Brianna huffs, shaking her head as if she already knew the answer before she asked the question.
Johnny grows angry at her incessant lawful concerns and interruptions. “Look,” he says, grabbing hold of the steel bars that separate them, causing her to meet him eye to eye, “if you don’t like my ideas, you’re free to leave,
rich girl.”
The challenge in her body language retreats as her posture grows insecure with Johnny’s intensity. Realizing she has wounded his ego, she begins, “I didn’t mean anything by it. I’m…”
“If you apologize one more time, I swear I’m gonna beat my head off these metal bars,” he suspends her admission.
She looks at him, confused, a slight hint of annoyance surfacing. Opening her mouth as if she has something to say, she dutifully quenches the thought.
“Say it.

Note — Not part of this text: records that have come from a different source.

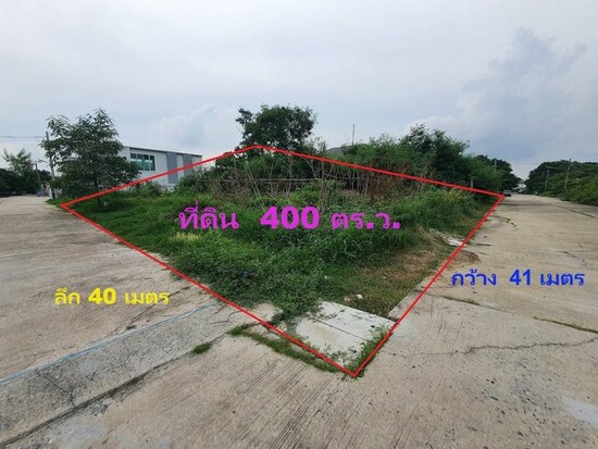 ขายถูกมากที่ดินสี่เหลี่ยมจัตุรัส มบ. ศรีเจริญวิลล่า 24 เทพารักษ์ ขนาด 400 ตร.ว. แปลงมุม ใกล้ รถไฟฟ้าสถานีสำโรงและศรีนครินทร์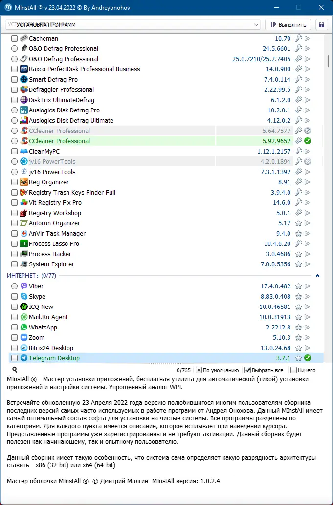 МInstAll — это современный сборник программ для автоматической установки и обслуживания операционных систем Windows. Обновленная версия, выпущенная 23 апреля 2022 года, включает последние версии популярных утилит и программ, упакованных в удобную оболочку. Это решение отлично подойдет как новичкам, так и опытным пользователям, желающим быстро подготовить чистую систему с необходимым набором инструментов.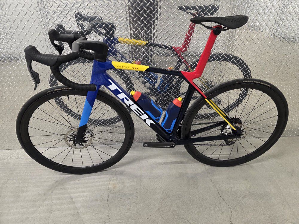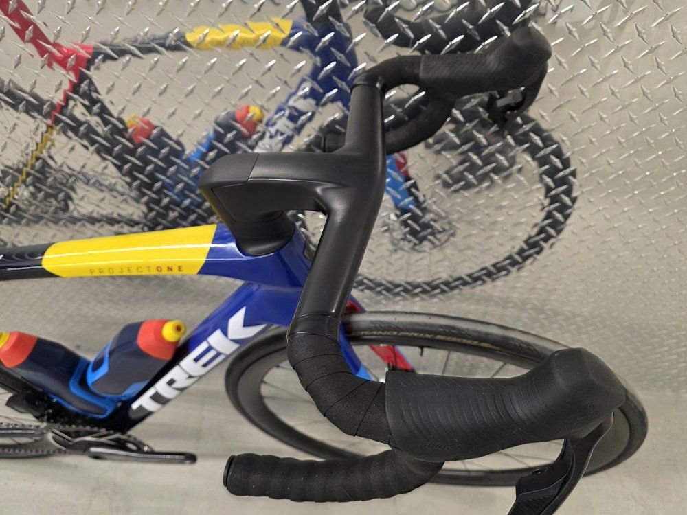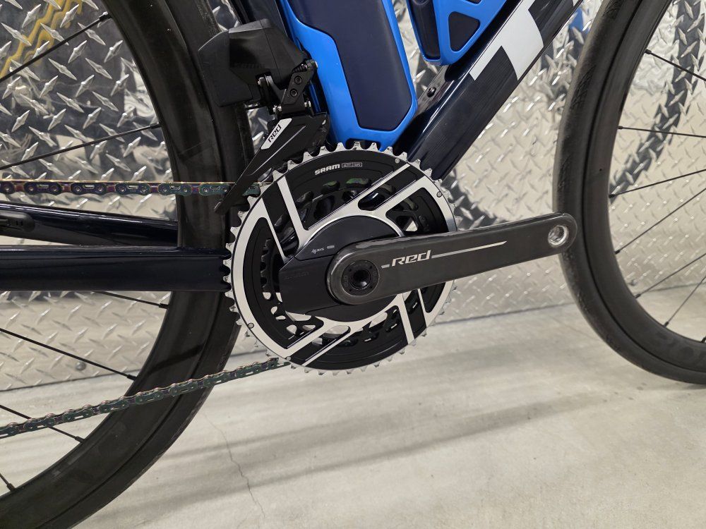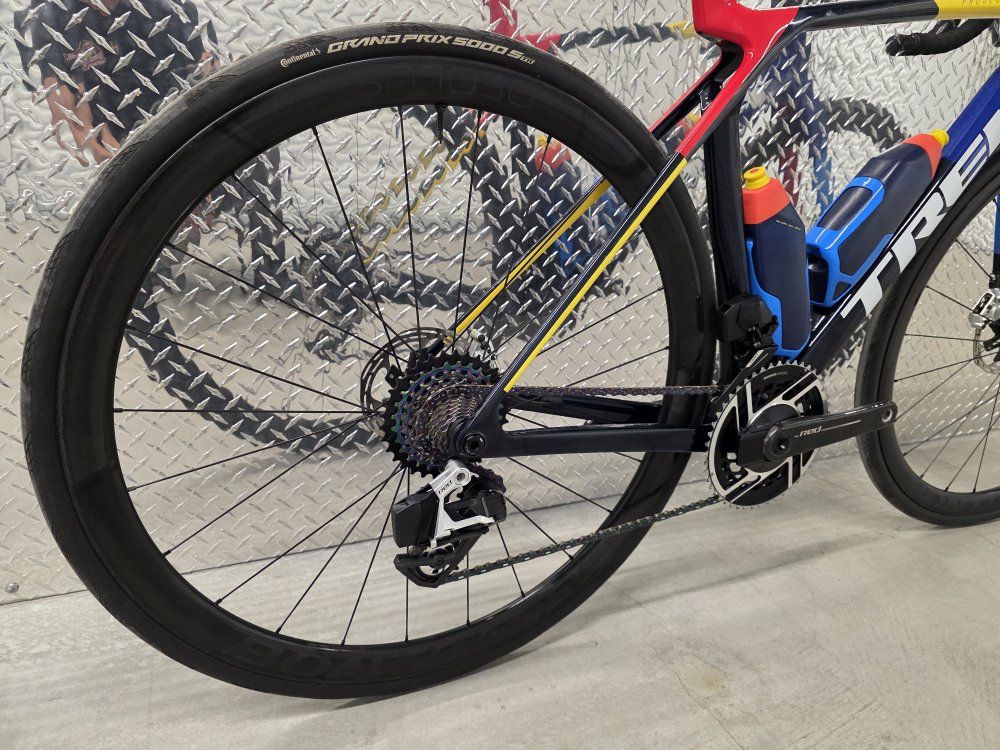 Team Edition Sram Red E1 Shifters Team Edition Sram Red E1 Power meter 170mm Sram Red E1 Axs Derailleur Sram Red 10-33 Oilslick cassette Sram Red Oilslick chain (waxed) Sram Red chainrings 48/35 Sram Paceline 180/160 rotors Trek integrated aerobars 42/100 S-Works Phenom Mirror 143 saddle Bontrager RSL 38 Aeolus carbon tubeless wheelset w/ceramic bearings

Say it!” he demands encouragingly, the look in her eye now far from apologetic. “What were you about to say?” He grows antsy to know her true mind.
Brianna breathes in deeply, her chin jutting out as she attempts to embrace his provocation, knowing her true mind is not always as suitable as the edited version. “I was going to say, I was taught it is only proper and appropriate to apologize if I’ve hurt someone’s feelings. Although I wouldn’t expect you to know anything about manners,” she snips.
Johnny releases a devilish laugh. “Atta girl!” He swoops in closer to her, his playful eyes begging of hers. “Now doesn’t that feel a hell of a lot better than resorting to
I’m sorry?”
She can’t help but smile, affected by his full audacious grin. “Maybe,” she admits.
“Now, get out of here.” His sentiment is twofold. One, the thrill of the chase, he really wants to get to the bottom of her parents’ murder; two, his growing discomfort in being so close to her, the porcelain skin on her face calls for the touch of his hand.
“Thank you, Johnny.” She holds his eyes with hers, making a point to doubly acknowledge him.
His posture, as arrogant as his ego, makes a show of throwing his arms out to his sides, his palms facing up, dismissing the unwarranted praise. “For what?”
“Being persistent.” Her lips curving up at the corners, she continues, “unrelenting…like a gnat.”
“Buzz. Buzz. Buzz,” he jousts.
Brianna laughs. “Really, thank you for pushing me out of my comfort zone.” She backs away from his cell, her once insecure frame of mind now growing confident. “Your believing that I’m more capable than I think I am, might be just the thing I need to prove myself wrong.” She turns away from him, headed for the exit.
“Hey,
rich girl,”
he calls, causing her to turn around, facing him. Johnny now finds himself going against his mantra by quenching his own true mind, wanting to tell her to be careful. The sentiment proving too soft, too difficult for him to muster, he quickly diverts. “Take a camera. Get pictures of everything…the tracks, before and after you impress them…the scene. Link everything back to that marsh.”